Do you want to install the Grafana stack (not recommended on setups meeting only the minimum HW requirements)? [y/N]

If the answer is ‘y’, the Grafana stack is installed on the platform. If the answer is ‘N’, the Grafana stack is not installed on the platform.

  1. Backup configuration

The installer checks if there is enough space to perform the data folder backup, if not, the installer will prompt if the backup should be skipped or not:

You can either skip the backup (highly not recommended), or provide a path to a folder to copy the data.
Do you want to skip the backup? [y/N]

If the answer is ‘y’, the backup of the data folder will be skipped. If the answer is ‘N’, the backup will be performed, and installer will prompt for the new backup location:

Path to folder to copy the backup data:

The installer checks if there is enough space under the provided backup location.

  1. Final confirmation

The installer displays the data it gathered and asks for confirmation. If it is given, it starts the upgrade process. If not, the upgrade is aborted.

  1. The installer takes provided kubeconfig and starts the upgrade process.

Watch for warnings or error messages displayed during the process and act accordingly.

Upgrade with configuration file#

If the –config-file parameter is provided the installation package starts the upgrade without the user interaction.
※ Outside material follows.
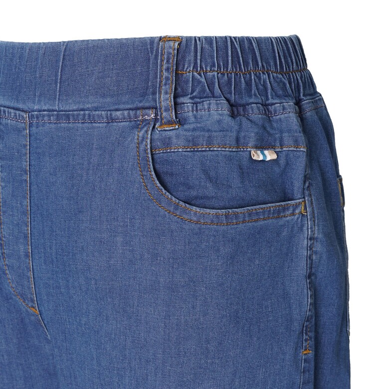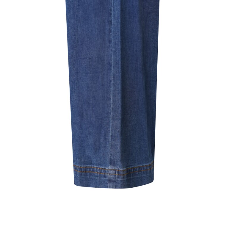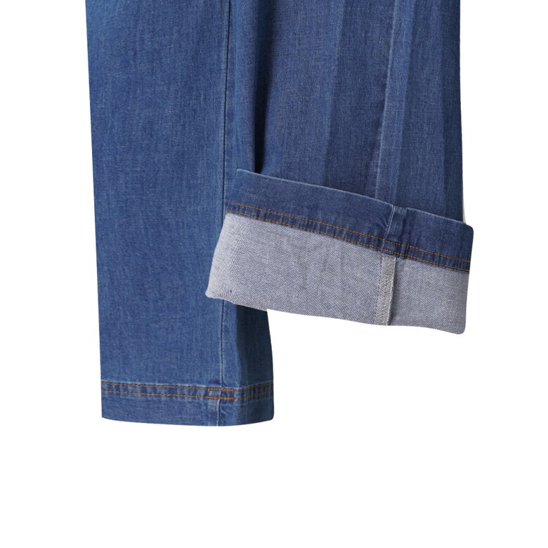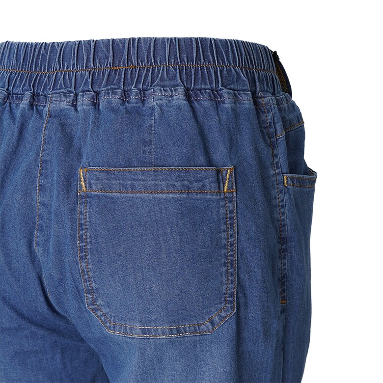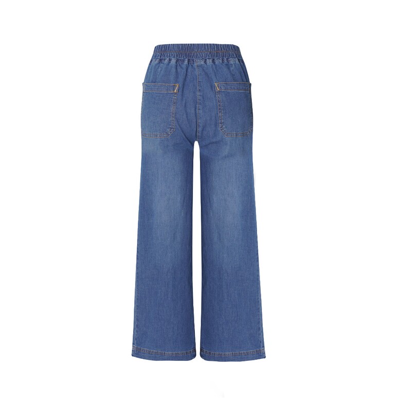전체 밴딩에 와이드한 핏감으로 편한 착용감의 데님팬츠. 테이프와 배색 스티치 포인트로 데일리하게 코디하게 좋은 아이템.

The configuration file is a yaml file with all configuration data specified in advance. The template for the file can be found in the installation package in the platform folder and it has the following initial content:

# Specifies whether the Grafana stack will be installed on the platform.
# Not recommended on setups meeting only the minimum HW requirements.
# Allowed values: true or false
# If set to true, the Grafana stack will be installed on the platform.
# If set to false, or entry is missing, the Grafana stack will not be installed on the platform.
grafana_enabled:
# Specifies whether the backup should be skipped, if the available space in the data folder is insufficient to create the backup.
# If the data folder available space is sufficient, skip_backup and backup_location are ignored.
# Allowed values: true or false
# If set to true, the backup will be skipped (highly not recommended).
# If set to false, the backup will not be skipped and the `backup_location` has to be provided.
     skip_backup:
# Specifies the new backup location, if the available space in the data folder is insufficient and the backup is not skipped.
# Please refrain from removing the backup location until the upgrade process is finished.
     backup_location:

Sample file for the upgrade:

grafana_enabled: false

Upgrading the Intel® Geti™ platform offline#

To run the offline upgrade, first all the offline data must be collected, and then the offline upgrade has to be executed.

K3s offline upgrade#

Follow the steps for air-gap upgrade to upgrade k3s to v1.29.3+k3s1.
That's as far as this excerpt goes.